# problema con una macro usando excel + word



## omegared6969 (Feb 28, 2015)

hola, se me presento el siguiente problema tratando de seguir una idea que vi en otra pagina:

tengo en excel una planilla de datos (calificaciones y otros datos de estudiantes) y en word una plantilla de informe de esas calificaciones, y mi intencion es poder crear de forma separada un informe para cada estudiante vinculando ambos archivos usando la macro que vi en esa pagina

la macro en cuestion:


wArch = Hoja1.Range("C3").Text & Hoja1.Range("C2").Text & ".dotx"
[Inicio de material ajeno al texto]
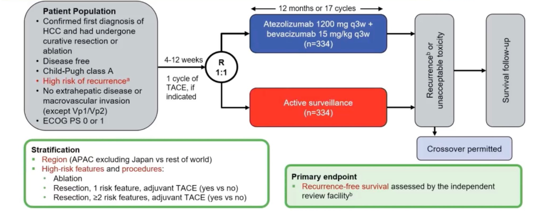 分层因素包括:地域(除日本以外的亚太地区 vs. 全球其他地区)以及综合性因素(涵盖高风险特征数量、治疗方法、选择性辅助 TACE)。A 组患者接受阿替利珠单抗 1200 mg+贝伐珠单抗 15 mg/kg IV q3w 治疗 1 年或 17 个周期;B 组患者接受 1 年主动监测,并在独立评审机构(IRF)确认复发后允许交叉至 atezo + bev 组治疗。

Set objWord = CreateObject("Word.Application")
objWord.Visible = True

*objWord.documents.Add Template:=wArch, NewTemplate:=False, DocumentType:=0*



For i = 1 To Hoja1.Range("c1").Value 

datos = Hoja1.Range("B" & i).Text 

reemp = Hoja1.Range("A" & i).Text 



     With objWord.Selection.Find
            .Text = datos 

            .Replacement.Text = reemp 

            .Execute Replace:=2 

     End With
Next i
 objWord.Activate 


se supone que en el archivo excel tengo 2 hojas; una donde estan los datos y en la otra (una hoja auxiliar) estan los datos que utiliza la macro....el problema que tengo es que al momento de ejecutar la macro y ver si reemplaza los datos en la plantilla de word aparece un "error 5151" (obviamente no aparece el archivo de word) y si pulso depurar en la pantalla de error aparece marcada la linea de la macro que esta en rojo

alguna ayuda?? gracias de antemano


----------